ISBN 0-00-648023-3 (UK pbk)
novel, urban fantasy, science fiction, geomancy, feng shui, revolution
Followed by a sequel: City on Fire .
"Better than sex, better than drugs, plasm is the solvent of mind and matter once called magic. In the worldwide city of the future, generating plasm is a science, its deployment a technology -- and it's metered at the domestic end. That is, the rich have plenty, the poor next to none. Aiah is a bored clerk with the Plasm Authority until she stumbles upon an unmapped well of the coveted stuff. A thousand Angels of Power sing in Aiah's mind.
"Constantine, Metropolitan in exile, mage and revolutionary, is happy to buy, illegally, all the plasm Aiah has to offer. But he wants more than plasm from Aiah. Along with ambitious wizards, human dolphins, gene twisted avians and a demon living in the plasm mains, Aiah can help Constantine to challenge the Ascended Ones themselves. Unless she burns out." [jacket blurb, UK pbk, 1995]
"Like futuristic steampunk... more than electricity, this far future society uses plasm -- a geomantic energy that can be tapped and channeled. Computers with cumbersome dials and switches, telephony using patchcords and ceramic earphones, recording devices of etched cylinders. The whole planet is a vast urban sprawl living beneath a shield which emits heat and light...
"Not sure what to make of this book. Somehow I was expecting more. Oh, it's well written, full of interesting detail, and very readable... but what is it trying to say? And what about the shield? I was left with more questions when I finished it than I had two-thirds of the way through. Perhaps the story is too remote, too different, too detached for personal involvement. Then again, perhaps I just need to re-read it." --Henry W.Targowski (in Mark/Space , 22 December 1995).
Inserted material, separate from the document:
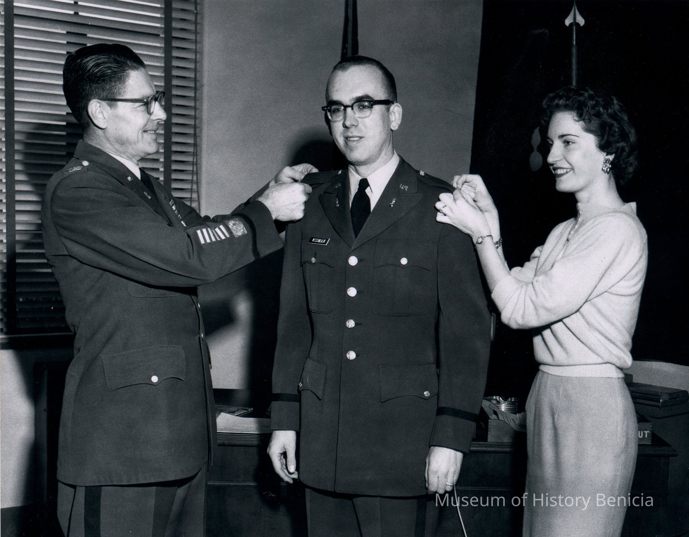 B/W photograph of promotion of Gary Widman from 2nd Lt. to 1st Lt. by Col. Moats, Commanding Officer of Benicia Arsenal. The Silver Bars are also being pinned on by Mrs. Jean Jurgens Widman, who worked for State Senator Luther Gibson. The photo was taken in February 1959. Lt Widman was 22 years old at the time.Collection

"Having decided to create an entirely urban fantasy system, I then went to think about magic, and how magic could be derived from an urban setting. I settled on geomancy or feng shui , in which the power is derived from the architecture and the mass of the buildings themselves, and the relationship of the buildings to one another and to the natural terrain." --Walter Jon Williams (in Locus , Issue 428, Vol.37, No.3, September 1996).